The point of mentioning the python variations I tried that started by setting a neopixel to red, was to flag up that show/show doesn't hang, but show/clear does.

dpgeorge commented 3 years ago

I can reproduce the issue with C++ using the following code:

#include "MicroBit.h"
#include "neopixel.h"

MicroBit uBit;

int main()
{
    uBit.init();
    ManagedBuffer data(5*3);
    neopixel_send_buffer(uBit.io.P0, data);

    // delay for 300 microseconds
    uint32_t start = system_timer_current_time_us();
    while (system_timer_current_time_us() - start < 300) {
    } 

    neopixel_send_buffer(uBit.io.P0, data);

    while(1)
        uBit.display.scroll("HELLO WORLD!");
}

A delay between about 200 and 425 microseconds between the two calls to neopixel_send_buffer() will hang the second call.

martinwork commented 3 years ago

Thanks for clearing up the mystery @dpgeorge . This hangs for me too.

@finneyj Can you help?

finneyj commented 3 years ago

Excellent work - thanks for the repro @martinwork @dpgeorge. That's really helpful.
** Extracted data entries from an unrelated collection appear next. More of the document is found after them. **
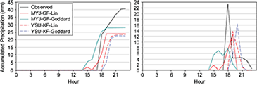 The YSU-KF case (Fig. 9d) also achieved reasonable results. However, the occurrence of rainfall was simulated to occur an hour after the event. The MP-Lin produced a rainfall value of 13.8 m, and Goddard produced a value of 5 mm at 19 h. YSU-KF-Goddard (16.2 mm), WSM6 (10.9 mm), Lin (8.3 mm), WSM5 (8.1 mm), Kessler (3.5 mm), and WS3 (2 mm) also simulated precipitation values, but with a time lag of 2 h. The MP-Eta configuration did not produce any rainfall. The WSM5 and WSM6 exhibited similar behavior, except for WSM3. The YSU-GF ensembles (Fig. 9f) also exhibited some peaks in the time-series plots; however, the rainfall values were smaller than the results obtained using YSU-KF.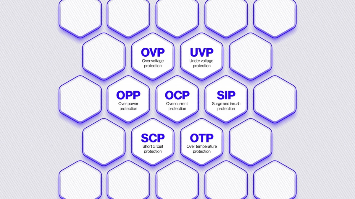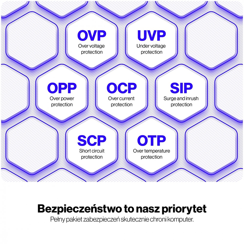 | Zabezpieczenia / filtry | Przeciwprzepięciowe (OVP), Termiczne (OTP), Przeciwprzeciążeniowe (OPP), Przed przepięciami i udarami (SIP), Przeciwzwarciowe (SCP), Przed zbyt wysokim prądem (OCP), Przed zbyt niskim napięciem (UVP) |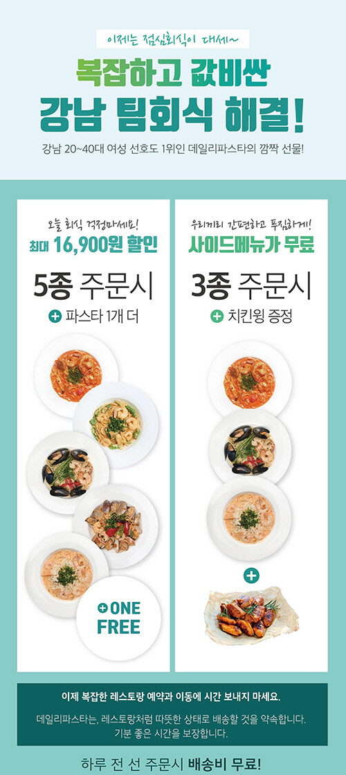 강남파스타 맛집 데일리파스타 관계자는 앞으로도 직장인들의 워라벨 문화에 맞춰 다양한 점심주문 이벤트를 실시할 예정이라고 설명했다.

I guess this is related to the timings of when a DMA buffer gets shifted out. Not sure how this could cause a hang, but yes, I'll happily look into it.

finneyj commented 3 years ago

Hi @martinwork @dpgeorge

I think I've found the cause of this. The PWM output is double buffered for smooth playback, so there's a one buffer long lag between scheduling the PWM to stop when an underflow occurs (e.g. the end of a neopixel databurst) and the PWM actually shutting down. This was causing a short race condition, where if new data became available in that window (a new data burst), it failed to fill the double buffers back up again properly and stalled.

It actually wasn't hanging the device - it was happily spinning around the idle task in the scheduler...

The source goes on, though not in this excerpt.